イギリスでも《魔的》の人気は高まりつつあるが、《フィガロ》にはまだ及ばない。・・・』
著者は1913年に《魔的》の英語上演に際して、その翻訳を手がけたデントという人である。モーツァルト研究家として著名な石井宏さんが、この本を訳されているが、
『本書の最も大きな特徴は、19世紀の間に発達し、今もわれわれを拘束している、ドイツ的、弁証法的音楽美術ないし音楽史観を離れて、直に18世紀のモーツァルトに迫ろうというところにある』との事。
いささか仰々しい話であるが、極東の「にわか雨」ほどのオペラファンにとっては、『えっ!?モーツァルトのオペラって、50年前には”博物館行き”になるって思われていたの。』である(_↑_)。

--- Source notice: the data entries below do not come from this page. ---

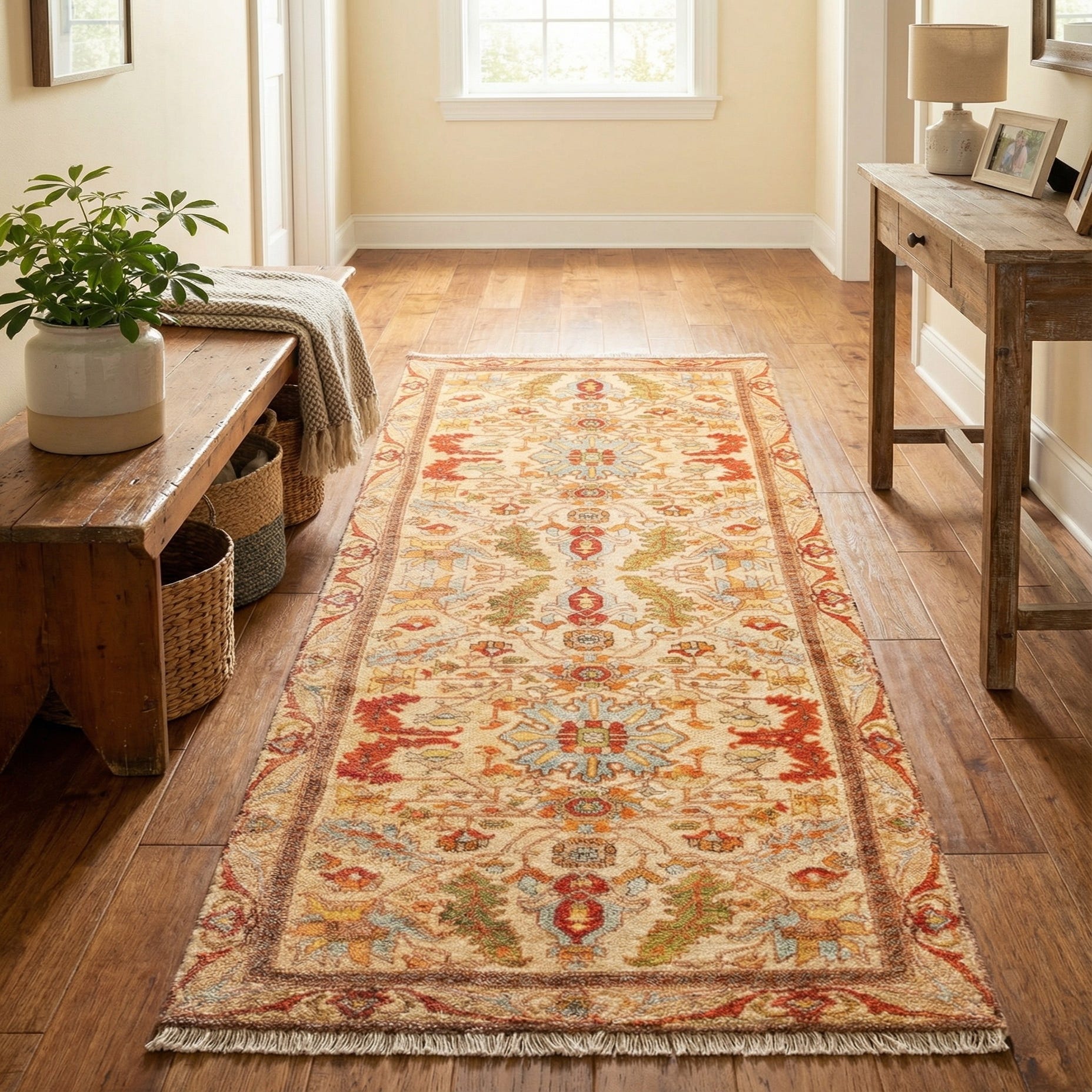 Primary color is Beige. Colors in this rug include: Beige, Black, Brown, Navy Blue, Red, Yellow, Olive, Orange.
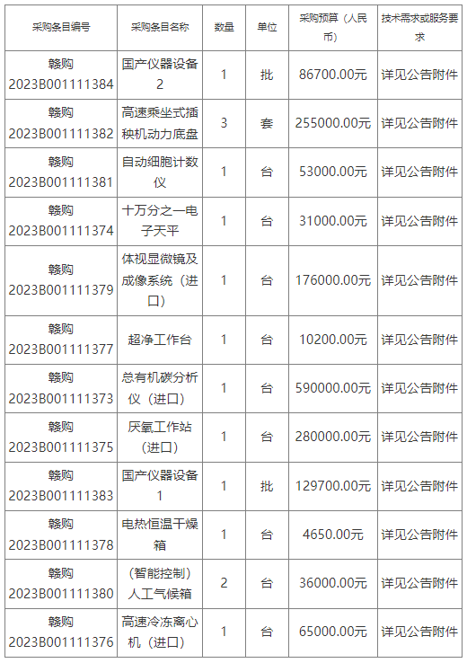 江西農(nóng)業(yè)大學(xué)總有機(jī)碳分析儀等進(jìn)口及國產(chǎn)儀器設(shè)備采購項(xiàng)目 招標(biāo)項(xiàng)目的潛在投標(biāo)人應(yīng)在 江西省公共資源交易網(wǎng)(網(wǎng)址:https://www.jxsggzy.cn/web/) 獲取招標(biāo)文件,并于 2024年02月07日 14點(diǎn)00分 (北京時間)前遞交投標(biāo)文件。
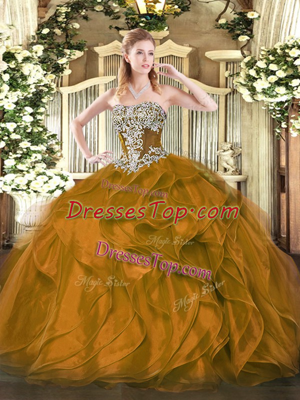 Organza Strapless Sleeveless Lace Up Beading and Ruffles Vestidos de Quinceanera in Brown
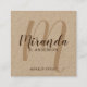 Modern Script Monogram och Namn Kraft Papper Fyrkantigt Visitkort
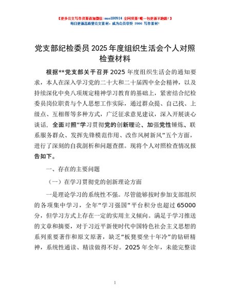 / 党支部纪检委员2025年度组织生活会个人对照检查材料
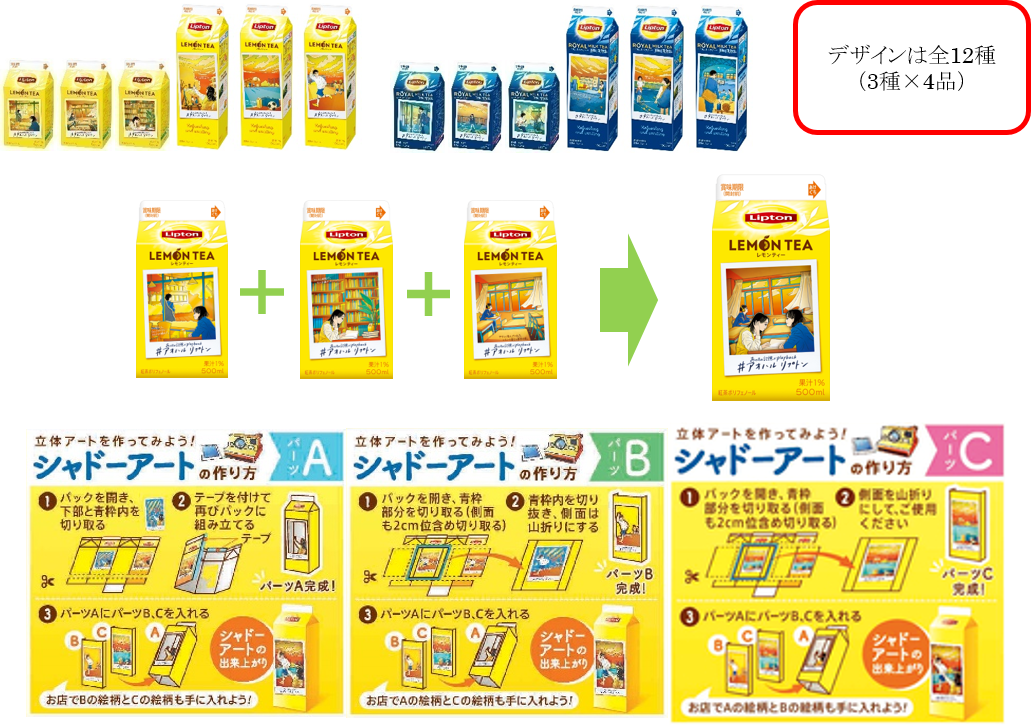 11月1日の「紅茶の日」に合わせて、シャドーアートパッケージの「リプトンレモンティー(500ml/1000ml)」「リプトンロイヤルミルクティー(500ml/1000ml)」を10月14日(金)以降順次、沖縄を除く全国にて期間限定で発売いたします。各品3種類の対象パッケージを組み合わせると、立体のシャドーアートが完成いたします。パッケージは「学生時代・青春時代に飲んでいた」というお声も多くいただいているリプトン紙パックのイメージに合わせて、「#アオハルリプトン」をテーマにした“エモい”レトロ感のあるデザインに仕上げました。学生の頃に飲んでいた方も、今学生の方も“エモい”シャドーアートをお楽しみください。
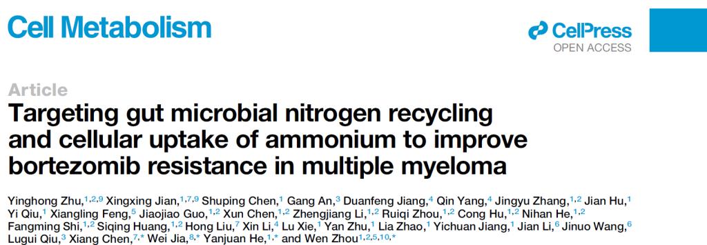 12月18日,p站视频 肿瘤研究所周文课题组在国际知名学术期刊《Cell Metabolism》 (IF:29)杂志在线发表最新成果“Targeting gut microbial nitrogen recycling and cellular uptake of ammonium to improve bortezomib resistance in multiple myeloma”研究论文。p站视频 肿瘤研究所周文教授、湘雅医院贺艳娟教授和陈翔教授、香港浸会大学贾伟教授为共同通讯作者,p站视频 肿瘤研究所朱应红博士生和湘雅医院简星星副研究员并列第一作者。
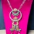 Accented with vibrant green enamel detailing, deep ruby-red stone drops, and delicate pearl hangings, this necklace reflects royal elegance and spiritual artistry. The double-strand pearl-style chain enhances its classic appeal, making it a perfect choice for weddings, festive occasions, classical dance performances, and heritage celebrations.
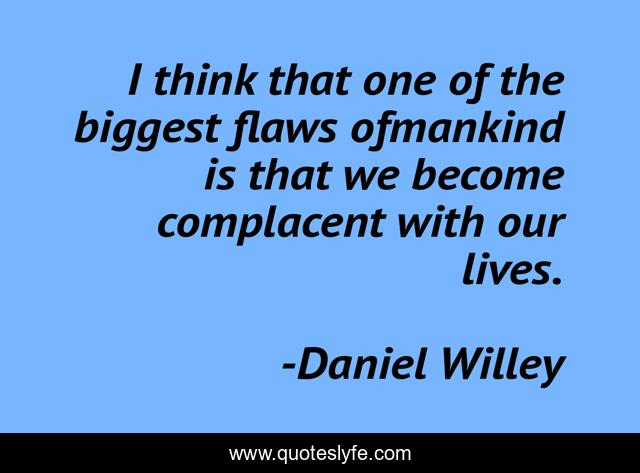 This page presents the quote "I think that one of the biggest flaws ofmankind is that we become complacent with our lives.". Author of this quote is Daniel Willey. This quote is about complacent, flaw, flaws, complacency, humans, life, live, lives, mankind,.

それはともかく、モーツァルト自身の最愛のオペラは《イドメネオ》らしいのだか、この著書を読んでもその理由は「定かならず。ウーン!まだ納得できないなー」と思う。
私はDVDでしかこの作品を観ていないのだけど、オペラセリアで、若い王子が、父が神とはたした約束だからというので「進んで犠牲になりましょう」というストーリーの何処が「モーツァルトらしい」のだろう?音楽も硬質?
他でもない、「モーツァルトらしい音楽」は聞き出すと色々ある。でも、「モーツァルト自身が愛したというか、これは胸を張って自慢できる」という作品を開陳した演奏会だのレコードだのはあまり聞いたことがない・・・?